● DATASET EXCERPT

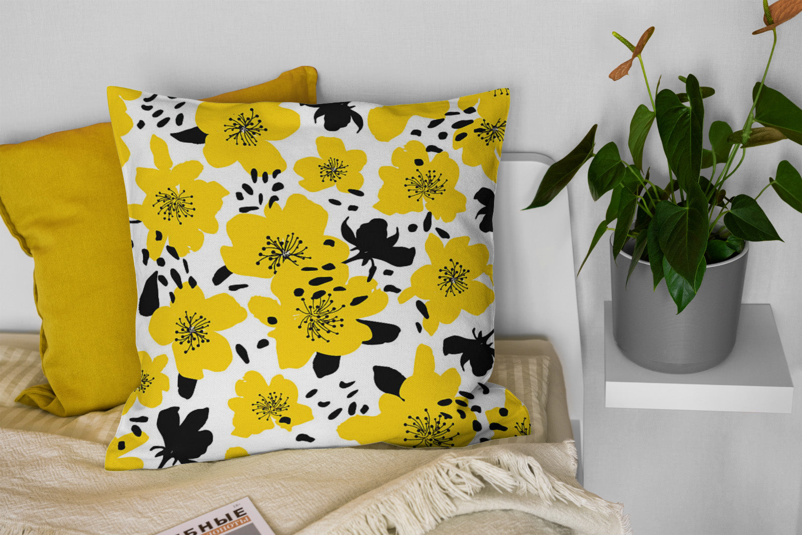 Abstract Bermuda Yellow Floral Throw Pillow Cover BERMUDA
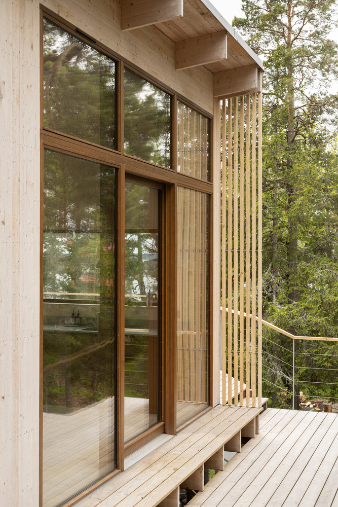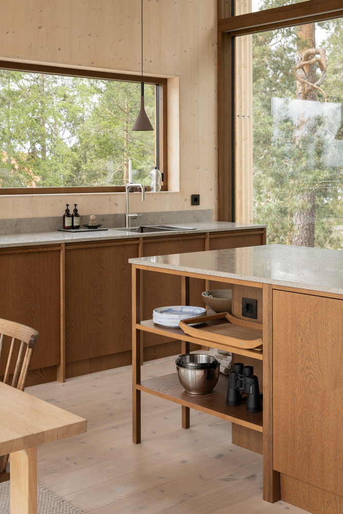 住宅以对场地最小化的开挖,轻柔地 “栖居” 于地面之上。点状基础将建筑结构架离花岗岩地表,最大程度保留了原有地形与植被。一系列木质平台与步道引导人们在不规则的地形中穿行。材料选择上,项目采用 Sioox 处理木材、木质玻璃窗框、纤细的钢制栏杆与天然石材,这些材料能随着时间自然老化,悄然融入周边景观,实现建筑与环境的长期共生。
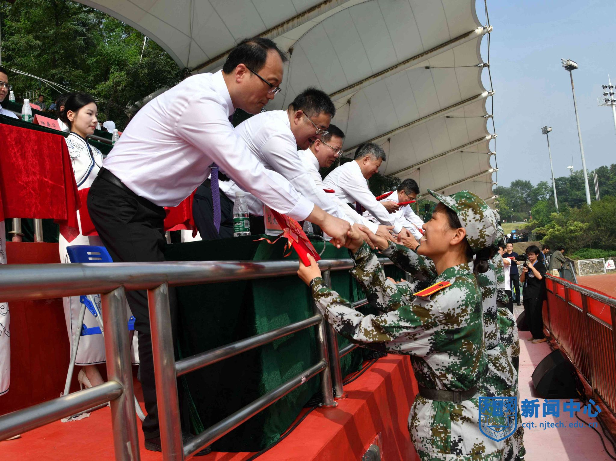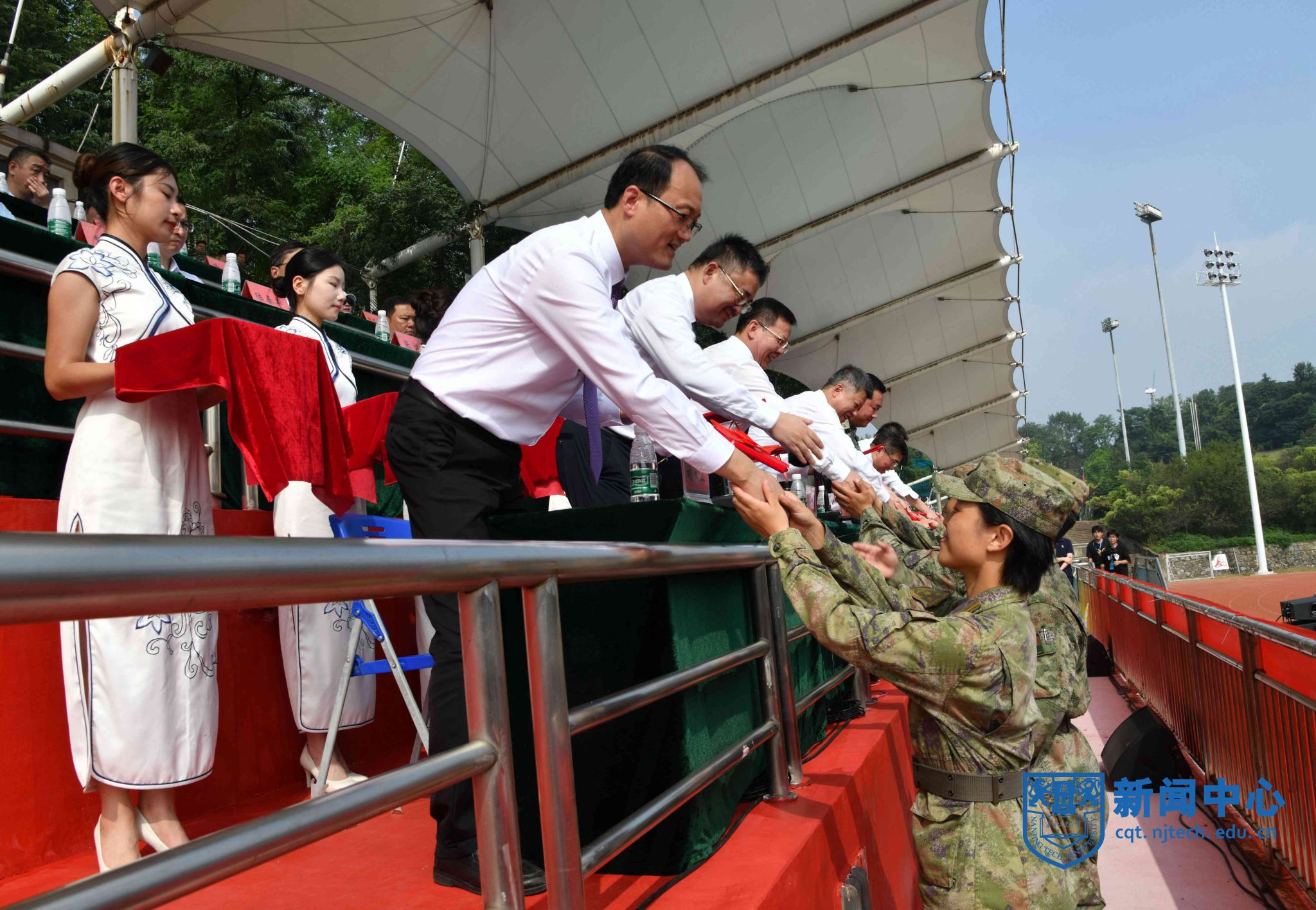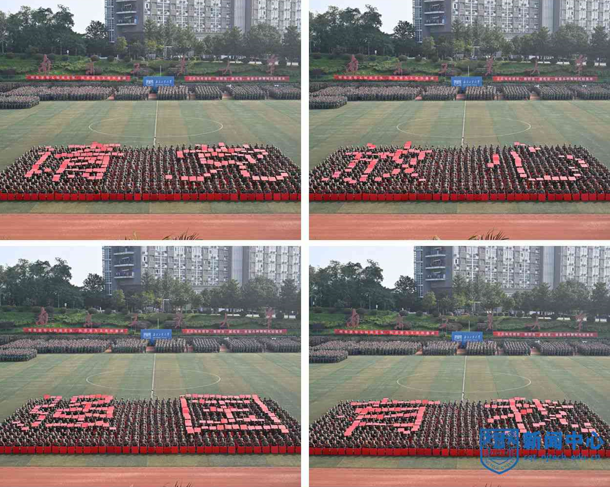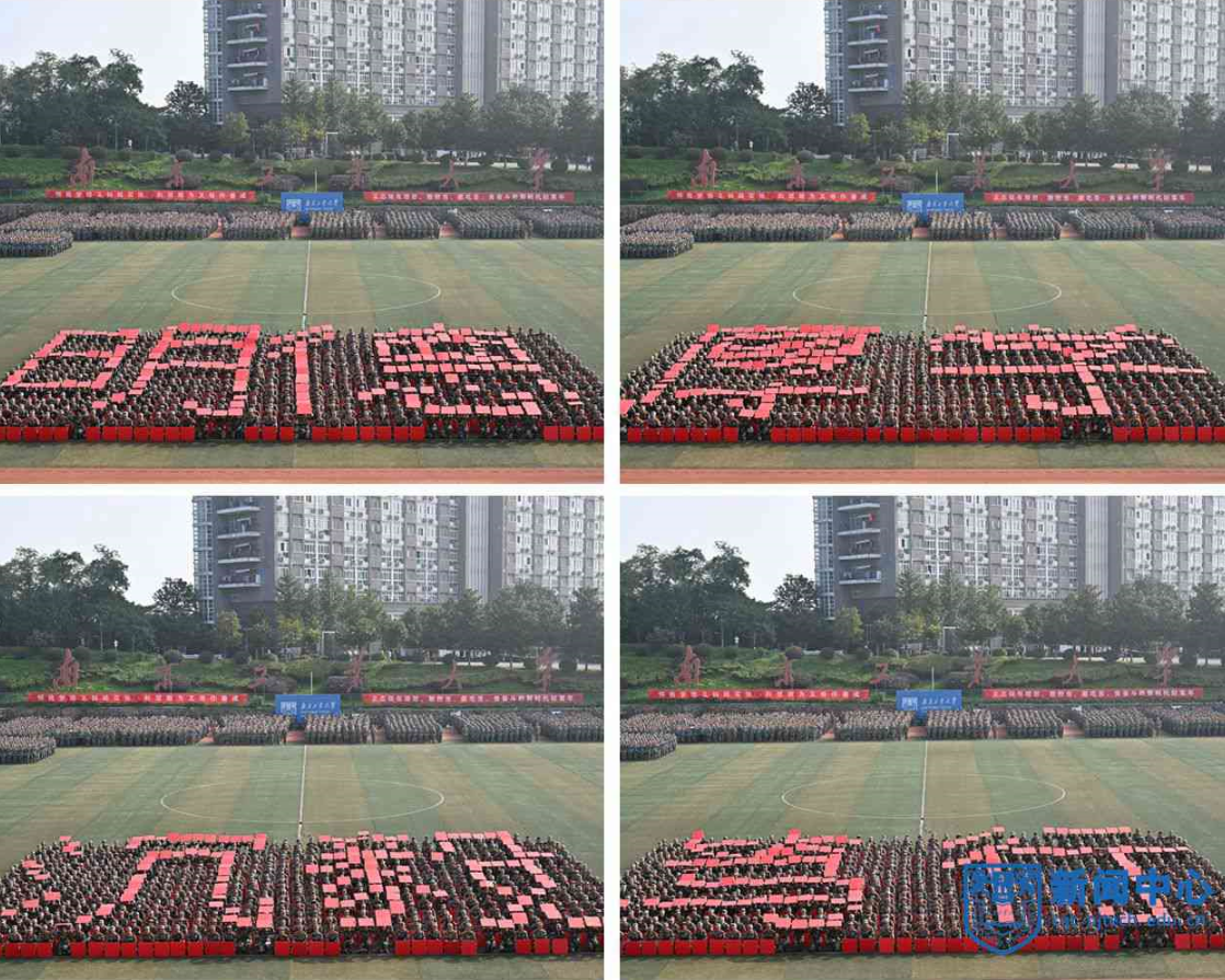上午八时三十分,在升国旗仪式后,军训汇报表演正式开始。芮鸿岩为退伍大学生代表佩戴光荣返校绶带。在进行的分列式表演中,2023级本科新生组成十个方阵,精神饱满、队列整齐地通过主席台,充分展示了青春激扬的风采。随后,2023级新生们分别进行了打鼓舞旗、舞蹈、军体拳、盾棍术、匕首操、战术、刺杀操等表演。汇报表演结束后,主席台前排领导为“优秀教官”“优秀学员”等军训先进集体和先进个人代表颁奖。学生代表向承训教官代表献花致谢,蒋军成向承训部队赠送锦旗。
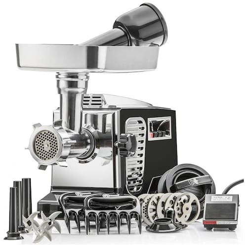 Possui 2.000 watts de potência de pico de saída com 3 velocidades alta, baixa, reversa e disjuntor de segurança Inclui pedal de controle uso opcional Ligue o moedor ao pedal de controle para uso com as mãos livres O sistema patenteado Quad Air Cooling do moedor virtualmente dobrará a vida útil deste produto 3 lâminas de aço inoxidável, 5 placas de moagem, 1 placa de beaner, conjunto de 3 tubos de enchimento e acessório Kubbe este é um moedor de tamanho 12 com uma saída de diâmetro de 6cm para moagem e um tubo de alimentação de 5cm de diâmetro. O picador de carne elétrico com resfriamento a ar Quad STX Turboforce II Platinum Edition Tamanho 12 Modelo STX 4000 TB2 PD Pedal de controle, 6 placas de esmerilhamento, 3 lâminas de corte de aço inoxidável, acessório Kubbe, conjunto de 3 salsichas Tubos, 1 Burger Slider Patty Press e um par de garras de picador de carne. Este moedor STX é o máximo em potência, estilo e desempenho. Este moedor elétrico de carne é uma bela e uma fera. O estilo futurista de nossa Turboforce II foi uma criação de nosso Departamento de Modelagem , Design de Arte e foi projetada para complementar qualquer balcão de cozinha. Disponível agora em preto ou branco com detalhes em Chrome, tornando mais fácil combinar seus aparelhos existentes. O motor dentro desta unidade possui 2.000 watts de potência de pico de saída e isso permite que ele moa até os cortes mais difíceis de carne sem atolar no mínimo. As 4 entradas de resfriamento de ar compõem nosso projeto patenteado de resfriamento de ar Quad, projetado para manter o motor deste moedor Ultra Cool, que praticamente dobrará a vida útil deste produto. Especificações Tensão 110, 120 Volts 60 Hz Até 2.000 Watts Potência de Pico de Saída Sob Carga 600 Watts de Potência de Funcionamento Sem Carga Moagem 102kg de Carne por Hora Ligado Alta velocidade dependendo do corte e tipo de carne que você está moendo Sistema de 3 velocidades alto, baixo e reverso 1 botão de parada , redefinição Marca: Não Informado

● WHAT IS BEING ASKED
Print each line of the listing, starting at its first and ending with the line that holds "上午八时三十分,在升国旗仪式", but skip any pictures.

● OUTPUT BELOW
 Abstract Bermuda Yellow Floral Throw Pillow Cover BERMUDA
 住宅以对场地最小化的开挖,轻柔地 “栖居” 于地面之上。点状基础将建筑结构架离花岗岩地表,最大程度保留了原有地形与植被。一系列木质平台与步道引导人们在不规则的地形中穿行。材料选择上,项目采用 Sioox 处理木材、木质玻璃窗框、纤细的钢制栏杆与天然石材,这些材料能随着时间自然老化,悄然融入周边景观,实现建筑与环境的长期共生。
上午八时三十分,在升国旗仪式后,军训汇报表演正式开始。芮鸿岩为退伍大学生代表佩戴光荣返校绶带。在进行的分列式表演中,2023级本科新生组成十个方阵,精神饱满、队列整齐地通过主席台,充分展示了青春激扬的风采。随后,2023级新生们分别进行了打鼓舞旗、舞蹈、军体拳、盾棍术、匕首操、战术、刺杀操等表演。汇报表演结束后,主席台前排领导为“优秀教官”“优秀学员”等军训先进集体和先进个人代表颁奖。学生代表向承训教官代表献花致谢,蒋军成向承训部队赠送锦旗。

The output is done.